Thread overview
wstring hex literals
Sep 20, 2017
jmh530
Sep 20, 2017
Neia Neutuladh
Sep 20, 2017
jmh530
September 20, 2017
I don't seem to be having any issues making strings or dstrings from hex, but I run into some issues with wstrings. Of course, my knowledge of UTF-16 is limited, but I don't see any issues with the code below and I get some errors on the hex string literal.

unittest
{
    wchar data = 0x03C0;
    auto data2 = x"03C0"w;
    static assert(typeof(data2) == wstring);
}

testing_utf16.d(5): Error: Truncated UTF-8 sequence
testing_utf16.d(6):        while evaluating: static assert((_error_) == (wstring
))
Failed: ["dmd", "-unittest", "-v", "-o-", "testing_utf16.d", "-I."]
September 20, 2017
On Wednesday, 20 September 2017 at 15:04:08 UTC, jmh530 wrote:
> testing_utf16.d(5): Error: Truncated UTF-8 sequence
> testing_utf16.d(6):        while evaluating: static assert((_error_) == (wstring
> ))
> Failed: ["dmd", "-unittest", "-v", "-o-", "testing_utf16.d", "-I."]

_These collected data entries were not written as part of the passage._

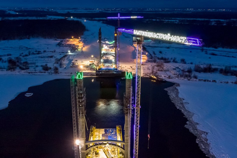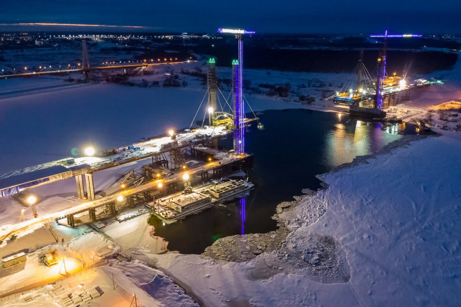 На внеклассном вантовом мосту через Оку соединит Владимирский и Нижегородский берега. на 4 этапе строительства М-12 работа не останавливалась в Новый год. Сейчас, несмотря на 30-ти градусный мороз, мостовики ведут подготовку к монтажу ещё одной пары вант. Уже смонтировано 12 и 34 пар вант. Левый русловой полупролет (консоль) моста смонтирован на половину длины, правый — на четверть.
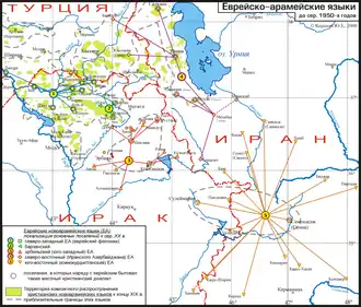 - centralna – używana w południowo-wschodniej Turcji (prowincja Mardin), obejmująca języki turoyo i wymarły mlahsô
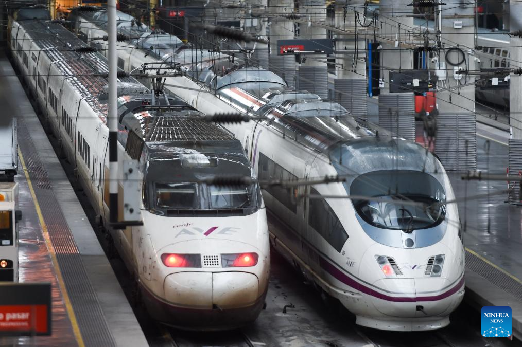 This photo taken on Jan. 21, 2026 shows high-speed trains at Atocha Station in Madrid, Spain. Adif, Spain's state-owned railway infrastructure manager, announced on Tuesday that it has imposed temporary speed limits on certain sections of the high-speed railway from Madrid to Barcelona, after train drivers reported bumps along the rail link. (Photo by Gustavo Valiente/Xinhua)
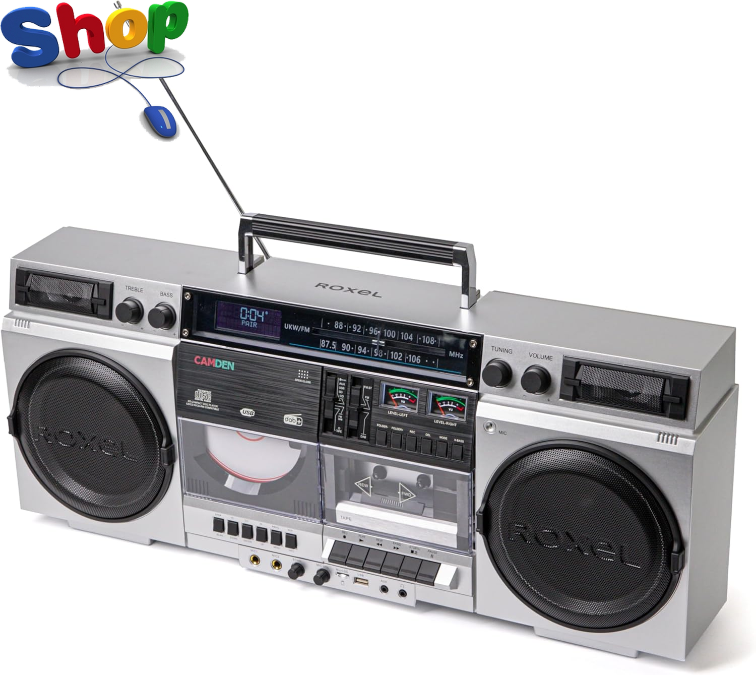 (Silver) Roxel Camden Cassette CD Player Boombox with Radio
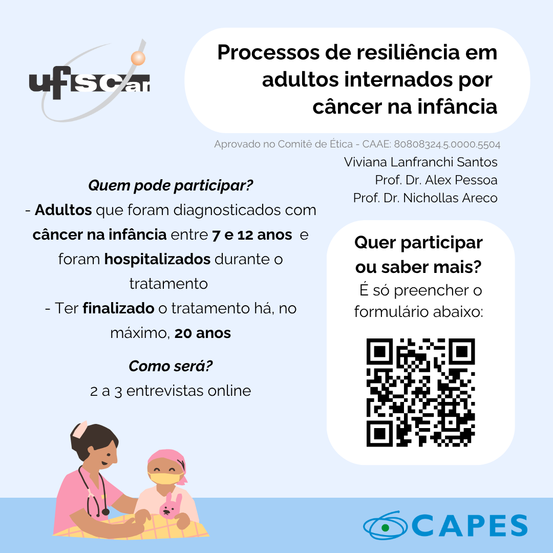 O trabalho tem orientação do professor Alex Sandro Gomes Pessoa, do Departamento de Psicologia (DPsi) da UFSCar, e coorientação do psicólogo do Setor de Oncologia e Hematologia Pediátrica do Hospital das Clínicas da Faculdade de Medicina de Ribeirão Preto da Universidade de São Paulo (USP), Nichollas Martins Areco. Projeto aprovado pelo Comitê de Ética em Pesquisa da UFSCar (CAAE: 80808324.5.0000.5504).
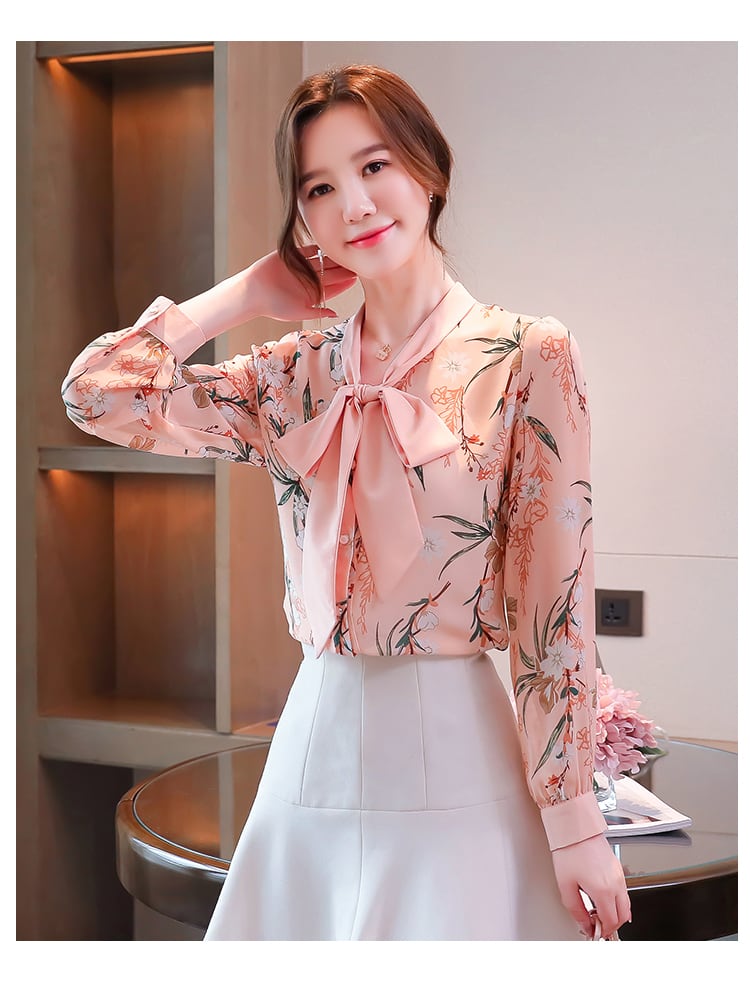 トップス シャツ ブラウス 袖あり 長袖 リボンタイ ストレート シフォン かわいい 大人可愛い きれいめ 上品 おしゃれ お洒落 大人女子 花柄 フラワー 春 秋 20代 30代 レディース ビジネス OL 通勤 デート お出かけ お呼ばれ ファッション サイズ S M L XL 2XL 3XL 色展開 ピンク ライトブルー
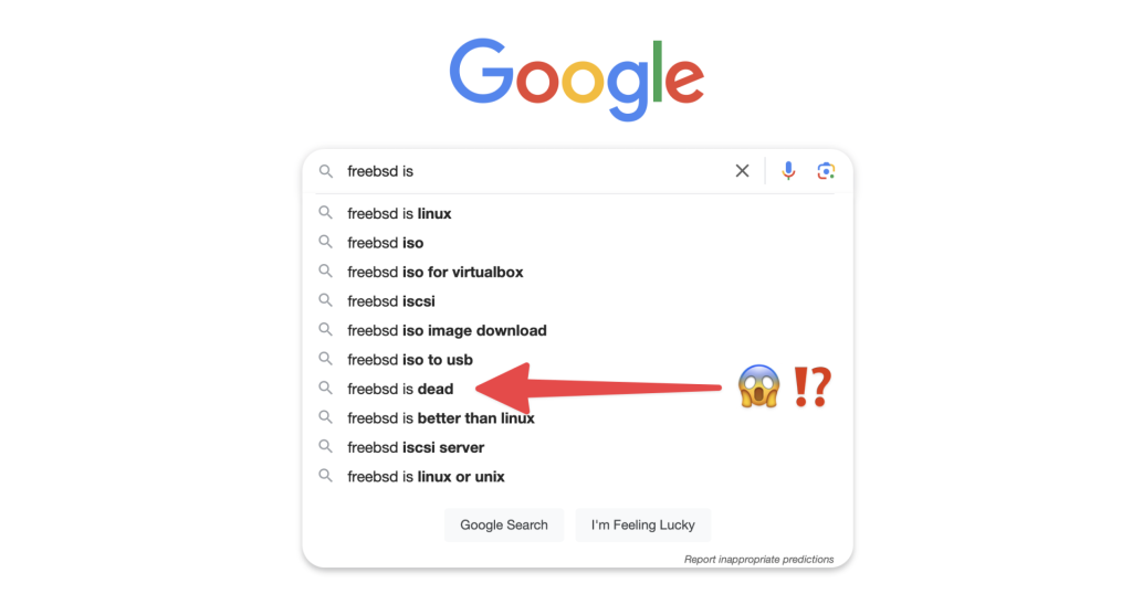 我来到基金会已经大约三个月了。在这段时间里,我和一些正在使用 FreeBSD 的企业、以及一些有意愿使用 FreeBSD 的企业进行过几次交谈。在不止一次的场合中,有个说法让我不禁挑眉——因为这既不是我所见,也不是我所感受到的。那句话是:“FreeBSD 不是快死了吗?”
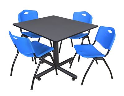 Regency Kobe 48 in. Square Breakroom Table, X-Base & 4 Blue M Stack Chairs
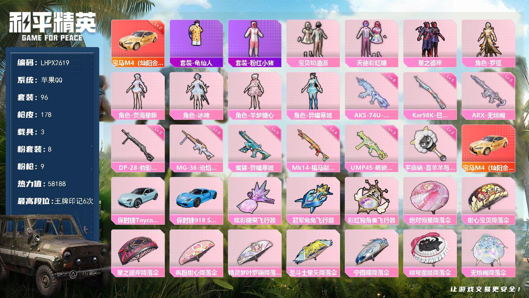 苹果 手Q-9粉装-9特效枪-0载具-8粉色飞行器-62802热力值-7王牌印
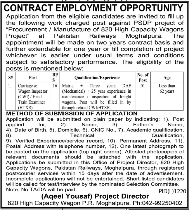 Pakistan Railways Lahore Jobs 2021 For Wagon Inspector
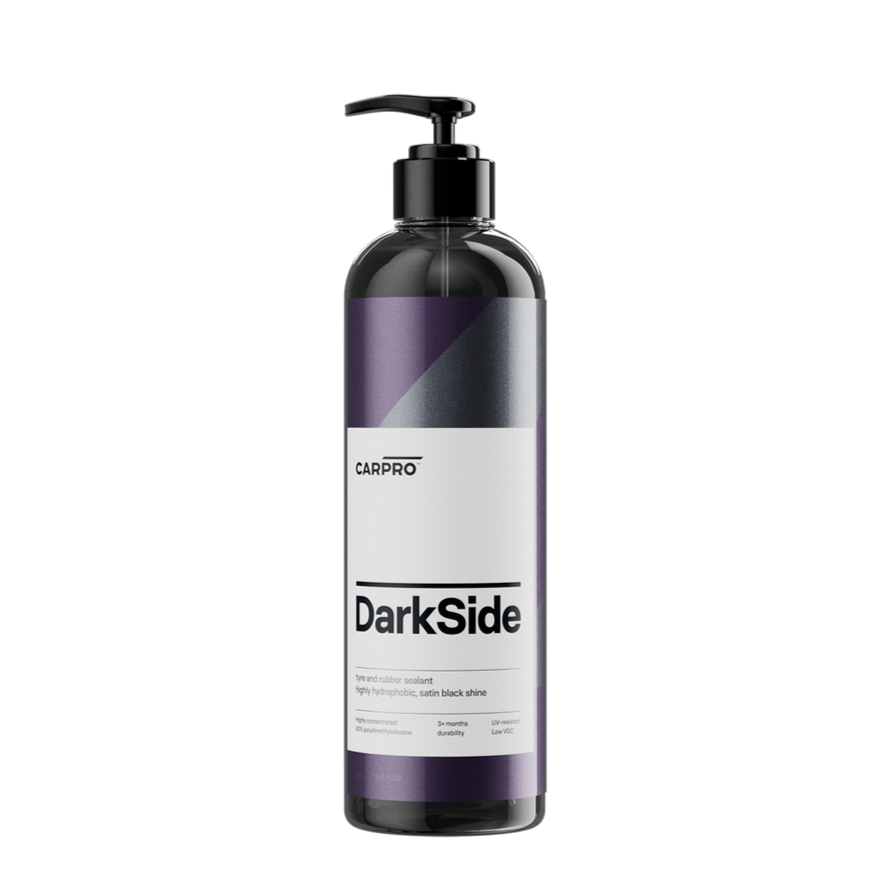O DarkSide da CarPro é um novo selante pronto a usar para pneus e borrachas. A formula do DarkSide com 60% de polidimetiloxano permite uma aplicação super rápida e fácil com o aplicador de pneus ou com o aplicador de microfibras da CarPro, deixando uma superfície com um belo aspecto de brilho satinado.
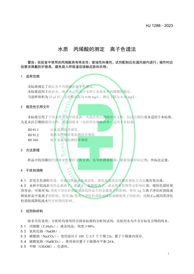 HJ 1288-2023 水质 丙烯酸的测定 离子色谱法
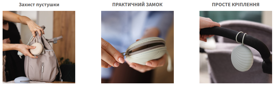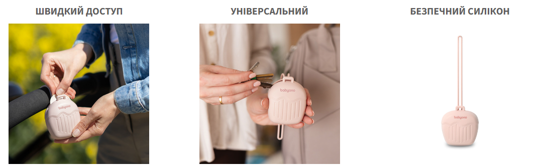 Футляр для пустушки силіконовий (ніжно- рожевий)/"Babyono" Безпечне та гігієнічне місце для зберігання пустушки вашої дитини- це тримач для пустушки Babyono на блискавці! Блискавка ефективно захищає від пилу, вологи та бактерій, гарантуючи, що пустушка залишатиметься чистою та не випаде з контейнера. Гнучка кліпса дозволяє прикріпити тримач до сумки, рюкзака, валізи або ручки коляски. Тож ви можете використовувати його вдома, на прогулянках чи в дорозі — ваша пустушка завжди буде під рукою. Тримач виготовлений із силікону, м’який, міцний і легко миється в посудомийній машині. Доступний до замовлення в блакитному, рожевому, м'ятному та бежевому кольорі.
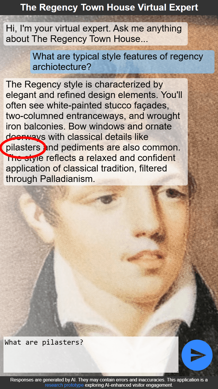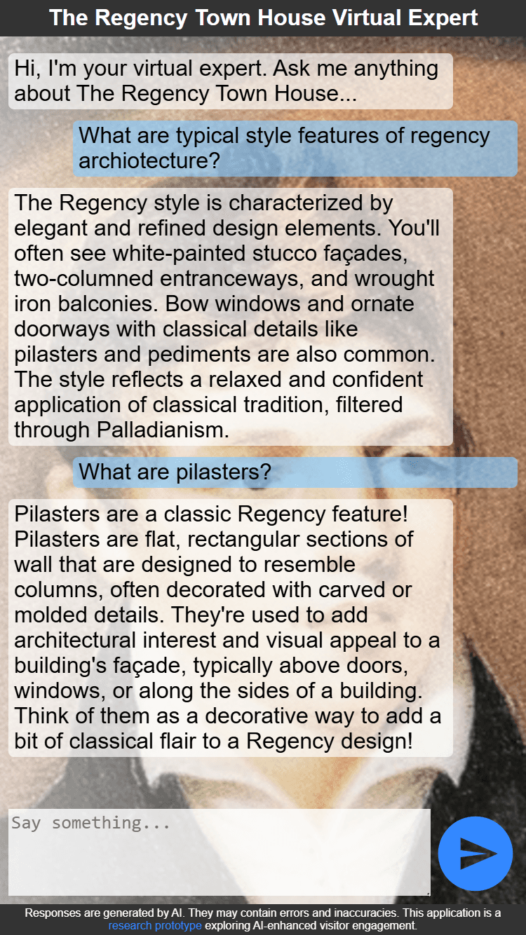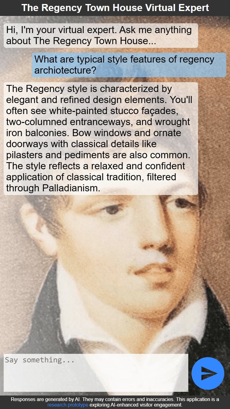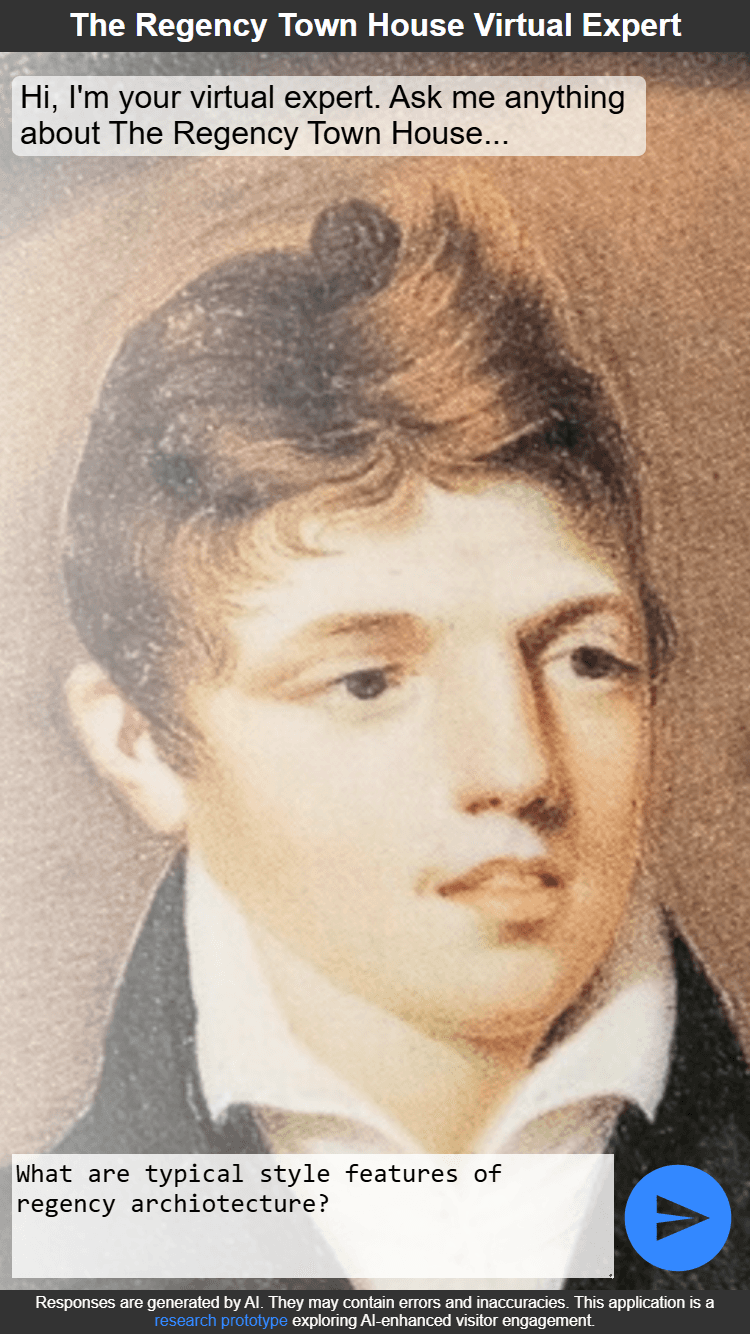 The Regency Town House has rich architectural and social history knowledge, but visitor learning depends on staff availability. A prototype AI chat expert was built to bridge this gap, but key questions remained unanswered: Do visitors want to use AI for expert knowledge? What modality (text vs. voice) feels right in a heritage space? What accuracy threshold matters? How do device and context shape interaction? These insights were needed to validate the concept before further investment.

https://dlang.org/spec/lex.html#hex_strings says:

> The string literals are assembled as UTF-8 char arrays, and the postfix is applied to convert to wchar or dchar as necessary as a final step.

This isn't the friendliest thing ever and is contrary to my expectations too. You basically have to encode your string into UTF-8 and then paste the hex of that in.

What should work is escape sequences:

    wstring str = "\u03c0"w;
September 20, 2017
On Wednesday, 20 September 2017 at 16:26:46 UTC, Neia Neutuladh wrote:
> On Wednesday, 20 September 2017 at 15:04:08 UTC, jmh530 wrote:
>> testing_utf16.d(5): Error: Truncated UTF-8 sequence
>> testing_utf16.d(6):        while evaluating: static assert((_error_) == (wstring
>> ))
>> Failed: ["dmd", "-unittest", "-v", "-o-", "testing_utf16.d", "-I."]
>
> https://dlang.org/spec/lex.html#hex_strings says:
>
>> The string literals are assembled as UTF-8 char arrays, and the postfix is applied to convert to wchar or dchar as necessary as a final step.
>
> This isn't the friendliest thing ever and is contrary to my expectations too. You basically have to encode your string into UTF-8 and then paste the hex of that in.
>
> What should work is escape sequences:
>
>     wstring str = "\u03c0"w;

I see, thanks. I missed that bit on UTF-8. I was a little confused.